_Assignment_:
Below are records with pictures. Reproduce exactly the lines from the line with "機械式溫度開關NC20系列" to the line with "Workshop 1 - Foundational", inclusive, and leave each picture out.

_Input_:

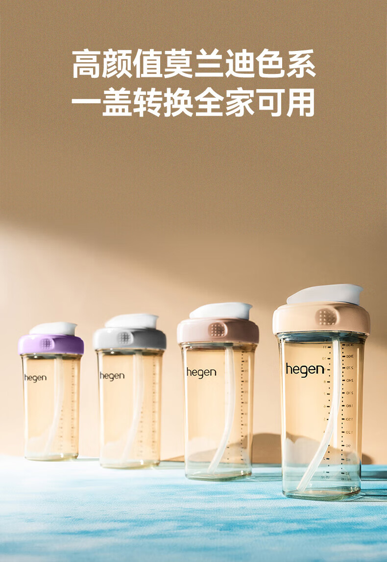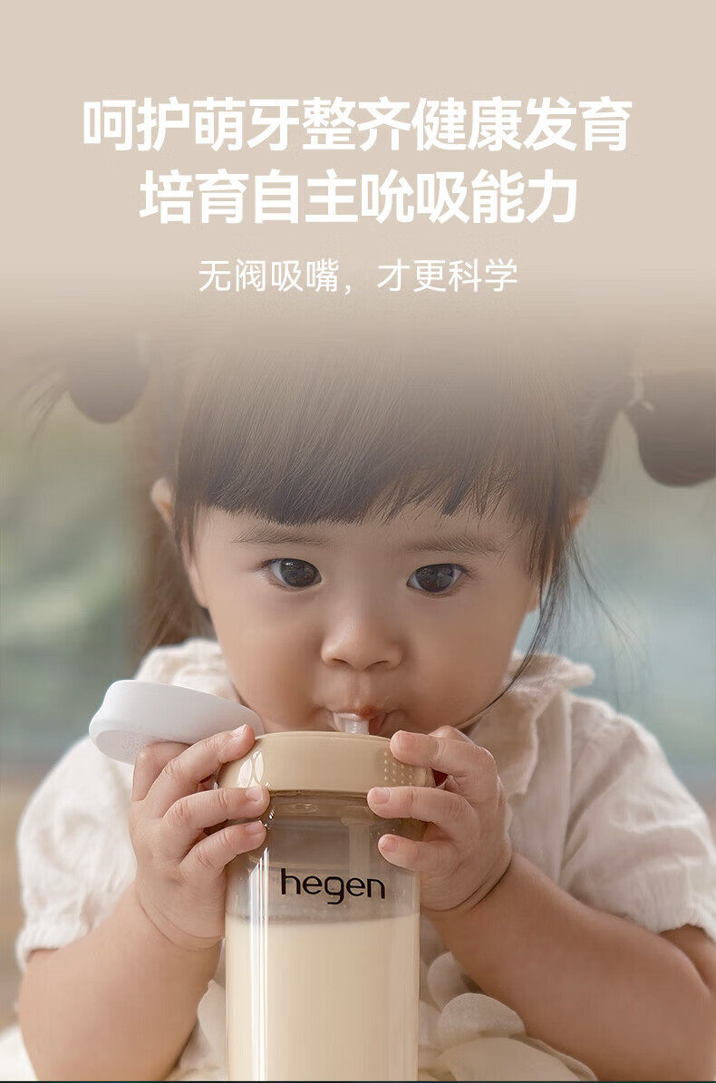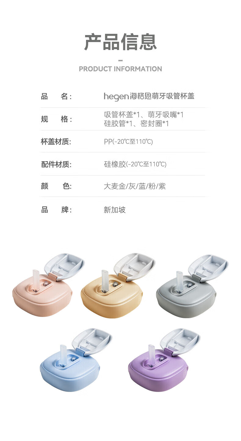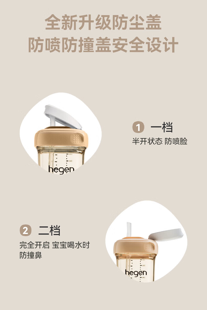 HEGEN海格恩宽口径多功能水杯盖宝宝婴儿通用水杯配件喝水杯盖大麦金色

* * *

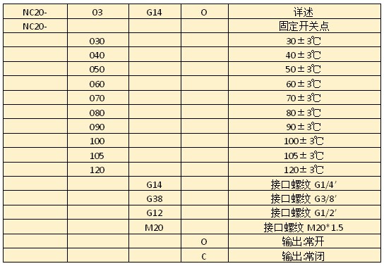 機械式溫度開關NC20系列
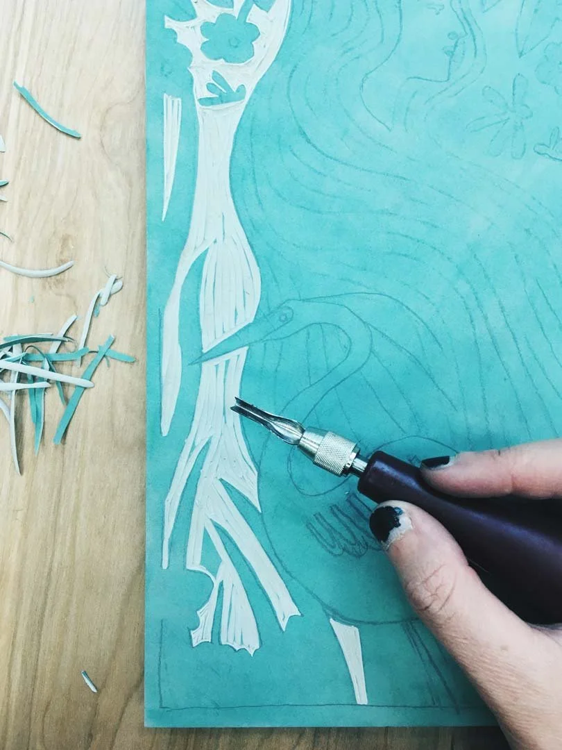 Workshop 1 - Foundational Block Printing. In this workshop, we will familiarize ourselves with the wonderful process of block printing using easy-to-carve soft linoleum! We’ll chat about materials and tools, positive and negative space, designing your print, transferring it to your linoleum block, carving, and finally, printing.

--

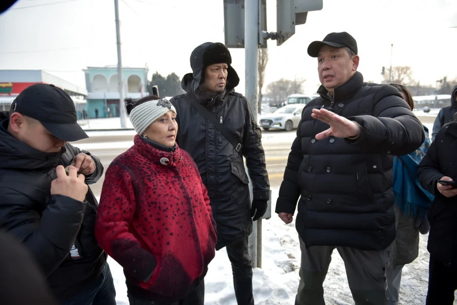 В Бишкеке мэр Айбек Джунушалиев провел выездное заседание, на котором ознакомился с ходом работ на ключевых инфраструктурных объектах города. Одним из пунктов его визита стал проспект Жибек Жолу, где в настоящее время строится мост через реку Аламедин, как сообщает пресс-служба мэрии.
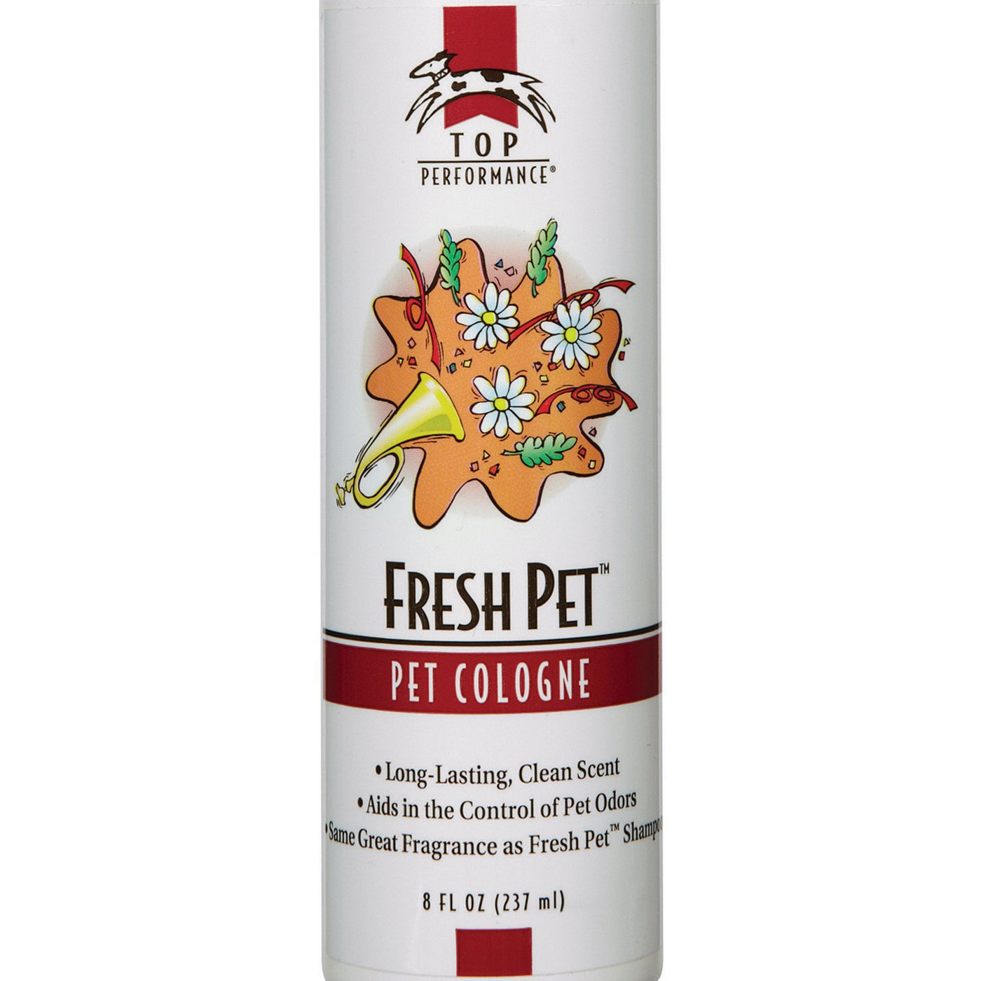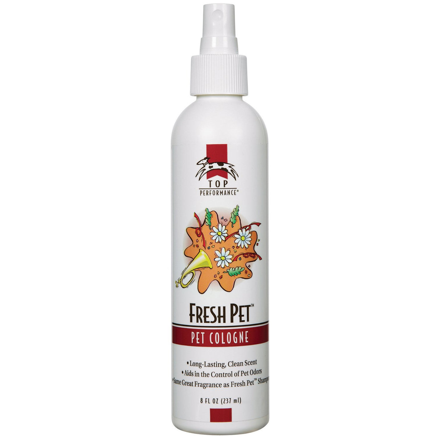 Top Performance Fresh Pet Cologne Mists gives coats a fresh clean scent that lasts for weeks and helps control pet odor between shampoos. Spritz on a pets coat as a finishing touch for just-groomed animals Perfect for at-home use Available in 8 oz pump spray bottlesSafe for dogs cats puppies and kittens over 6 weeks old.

_Reply_:
 機械式溫度開關NC20系列
 Workshop 1 - Foundational Block Printing. In this workshop, we will familiarize ourselves with the wonderful process of block printing using easy-to-carve soft linoleum! We’ll chat about materials and tools, positive and negative space, designing your print, transferring it to your linoleum block, carving, and finally, printing.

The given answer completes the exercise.